What is Hemang Resources Limited stock?
HEMANG is the ticker symbol for Hemang Resources Limited, listed on BSE.
Founded in Jul 8, 1993 and headquartered in 1993, Hemang Resources Limited is a Real Estate Development company in the Finance sector.
What you'll find on this page: What is HEMANG stock? What does Hemang Resources Limited do? What is the development journey of Hemang Resources Limited? How has the stock price of Hemang Resources Limited performed?
Last updated: 2026-05-14 10:00 IST
About Hemang Resources Limited
Quick intro
Hemang Resources Limited (HEMANG), established in 1993, is an Indian-based micro-cap company primarily operating in coal trading and infrastructure. Formerly known as Bhatia Industries & Infrastructure, it focuses on sourcing thermal coal from Indonesia and South Africa for domestic small corporations and dealers, alongside real estate ventures.
In FY2024-25, the company faced significant headwinds. For Q2 FY2025-26 (ending September 2024), it reported zero revenue and a net loss of ₹0.22 crore. Despite being virtually debt-free, recent quarterly performance shows a sharp decline, with total sales for the 2024 fiscal year dropping to ₹8.80 crore from ₹37.12 crore previously.
Basic info
Hemang Resources Limited Business Introduction
Hemang Resources Limited (HRL), formerly known as BCC Fuba India Limited, is a prominent Indian enterprise primarily engaged in the trading of coal and infrastructure activities. Headquartered in Indore, Madhya Pradesh, the company has transitioned from its historical roots in electronics to become a specialized player in the energy resource supply chain.
Business Summary
HRL functions as a critical intermediary in the energy sector, sourcing high-quality coal from international and domestic markets to satisfy the growing energy demands of Indian industries. The company specializes in the trading of imported coal, providing logistical and procurement solutions to power plants, cement manufacturers, and steel industries.
Detailed Business Modules
1. Coal Trading Division: This is the company's primary revenue driver. HRL imports Thermal Coal, mainly from Indonesia and South Africa, known for its high calorific value. The company manages the entire supply chain, including overseas sourcing, shipping, port handling, and inland transportation to end-users.
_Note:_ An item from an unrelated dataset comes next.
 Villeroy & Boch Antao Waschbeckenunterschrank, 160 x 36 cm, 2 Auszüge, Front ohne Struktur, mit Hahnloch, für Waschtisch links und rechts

2. Infrastructure & Land Development: HRL holds significant land parcels and is involved in real estate and infrastructure development. This segment focuses on value appreciation of land banks and developing commercial or industrial sites.
3. Stevedoring & Logistics: To support its trading operations, the company engages in logistical services at major Indian ports (such as Kandla and Mundra), ensuring efficient discharge and dispatch of bulk commodities.
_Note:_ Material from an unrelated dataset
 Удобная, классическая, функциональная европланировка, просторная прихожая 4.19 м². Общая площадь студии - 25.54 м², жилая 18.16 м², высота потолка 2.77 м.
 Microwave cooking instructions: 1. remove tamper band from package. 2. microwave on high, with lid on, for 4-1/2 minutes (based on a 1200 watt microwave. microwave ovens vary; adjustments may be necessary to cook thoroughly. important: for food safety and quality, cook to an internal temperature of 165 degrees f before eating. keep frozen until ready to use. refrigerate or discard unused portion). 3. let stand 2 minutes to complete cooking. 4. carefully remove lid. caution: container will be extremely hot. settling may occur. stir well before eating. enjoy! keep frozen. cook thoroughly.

Business Model Characteristics
Asset-Light Trading: HRL operates on a model that emphasizes high turnover and relationship-based sourcing rather than heavy manufacturing assets.
Strategic Sourcing: By maintaining a diverse network of overseas suppliers, HRL mitigates the risk of supply disruptions.
Working Capital Management: The business relies on efficient credit cycles and letter-of-credit (LC) mechanisms to manage large-scale bulk commodity transactions.
Core Competitive Moat
Supply Chain Expertise: Decades of experience in navigating the complex regulatory environment of Indian coal imports and customs.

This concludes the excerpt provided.